-- Material shown follows --
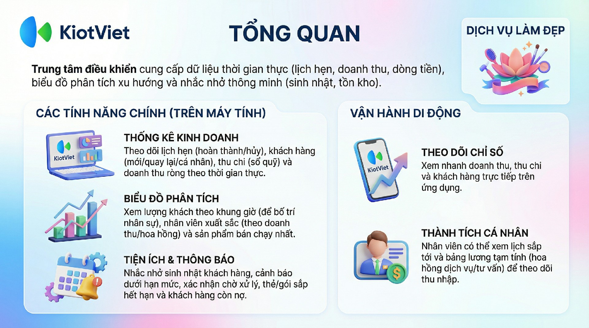 Màn hình Tổng quan trên phiên bản Web được chia thành 3 khu vực thông tin chính, hỗ trợ chủ Salon bao quát toàn bộ hoạt động.
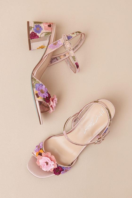 Set the tone for a fabulous night with these extravagant Betsey Johnson heels that feature a sleek satin and sheer mesh construction with three-dimensional floral appliques and intricate embroidery throughout. A square footbed, tapered toe strap, and adjustable quarter strap complete the look. Iconic blue sole.
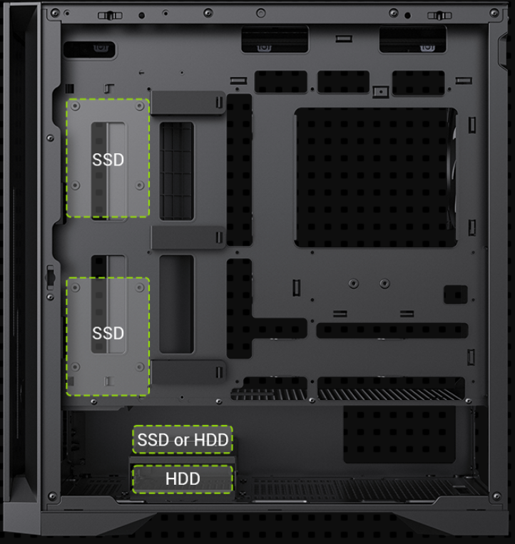 3.5"HDD x2 + 2.5"SSD x2 or 3.5"HDD x1 + 2.5"SSD x3 | ![]() |
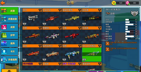5、专业级装备体系:收录AK47、M4、G36K、UZI、沙漠之鹰等经典枪械,搭配炫酷3D像素建模与现代科技武器,打造个性化火力配置。
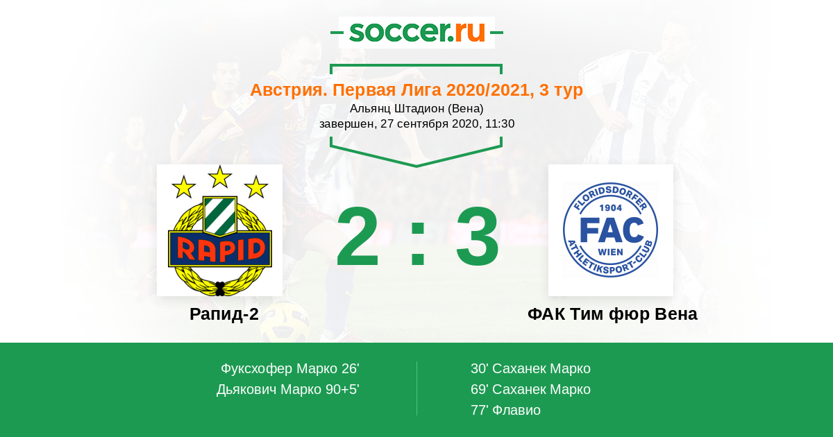 Протокол матча Рапид-2 против ФАК Тим фюр Вена
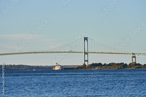 © Daniel, Naklejka premium This little white light house is located on Rose Island near Newport Rhode Island. In the background is Claiborne Pell Newport Bridge
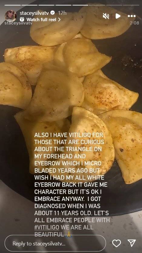 En una historia reciente de Instagram, Stacey dirigido fanáticos que tenían curiosidad por el “triángulo” en su frente y cejas, explicando que tiene vitiligo. También mencionó que microbladía su ceja hace años para encubrir la condición. Stacey agregó, “Pero desearía que tuviera mi ceja blanca de vuelta, me dio carácter”. A pesar de esto, no tiene reservas y abraza completamente su condición de piel. Concluyó su mensaje alentando a todos, declarando, “Agradecemos a las personas con #Vitiligo. Todos somos hermosos”.
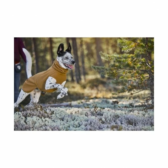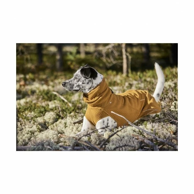 Hurtta Warming Midlayer ECO Hundegenser Sennepsgul er ergonomisk designet for økt bevegelsesfrihet. Den har ingen glidelåser eller spenner, noe som gjør den enkel å ta av og på.
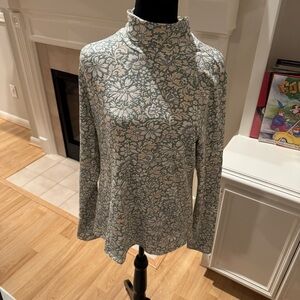 PERUVIAN CONNECTION Sage Etched Flowers T-Neck Pima Cotton/Spandex Medium NWT
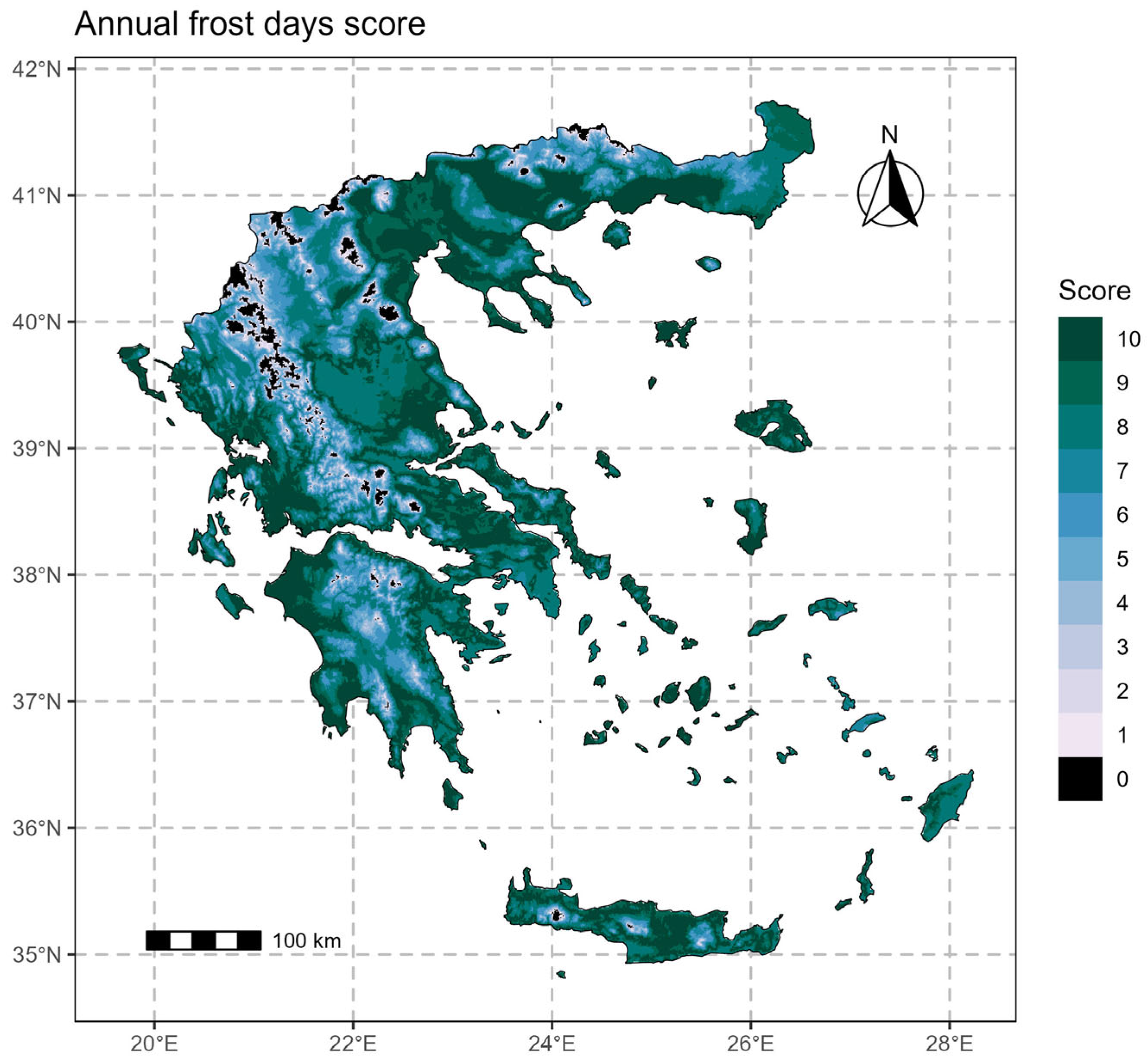 According to the annual frost days map (Figure 8), most satisfactory to optimal scores of 7 to 10 (corresponding to 0 to 20 frost days annually; Table S10) characterize substantial parts of the investigated area. Higher numbers of frost days (20 to 100) occur mainly for upland Greece. In contrast, the restricted number of more than 100 days (score 0; Table S10) corresponds to the mountainous terrain of considerable parts of continental Greece.
-- Material shown concluded --
=== Work task ===
Word for word, restate the records shown above, minus the pictures.

=== Task result ===
 Màn hình Tổng quan trên phiên bản Web được chia thành 3 khu vực thông tin chính, hỗ trợ chủ Salon bao quát toàn bộ hoạt động.
 Set the tone for a fabulous night with these extravagant Betsey Johnson heels that feature a sleek satin and sheer mesh construction with three-dimensional floral appliques and intricate embroidery throughout. A square footbed, tapered toe strap, and adjustable quarter strap complete the look. Iconic blue sole.
 3.5"HDD x2 + 2.5"SSD x2 or 3.5"HDD x1 + 2.5"SSD x3 | ![]() |
5、专业级装备体系:收录AK47、M4、G36K、UZI、沙漠之鹰等经典枪械,搭配炫酷3D像素建模与现代科技武器,打造个性化火力配置。
 Протокол матча Рапид-2 против ФАК Тим фюр Вена
 © Daniel, Naklejka premium This little white light house is located on Rose Island near Newport Rhode Island. In the background is Claiborne Pell Newport Bridge
 En una historia reciente de Instagram, Stacey dirigido fanáticos que tenían curiosidad por el “triángulo” en su frente y cejas, explicando que tiene vitiligo. También mencionó que microbladía su ceja hace años para encubrir la condición. Stacey agregó, “Pero desearía que tuviera mi ceja blanca de vuelta, me dio carácter”. A pesar de esto, no tiene reservas y abraza completamente su condición de piel. Concluyó su mensaje alentando a todos, declarando, “Agradecemos a las personas con #Vitiligo. Todos somos hermosos”.
 Hurtta Warming Midlayer ECO Hundegenser Sennepsgul er ergonomisk designet for økt bevegelsesfrihet. Den har ingen glidelåser eller spenner, noe som gjør den enkel å ta av og på.
 PERUVIAN CONNECTION Sage Etched Flowers T-Neck Pima Cotton/Spandex Medium NWT
 According to the annual frost days map (Figure 8), most satisfactory to optimal scores of 7 to 10 (corresponding to 0 to 20 frost days annually; Table S10) characterize substantial parts of the investigated area. Higher numbers of frost days (20 to 100) occur mainly for upland Greece. In contrast, the restricted number of more than 100 days (score 0; Table S10) corresponds to the mountainous terrain of considerable parts of continental Greece.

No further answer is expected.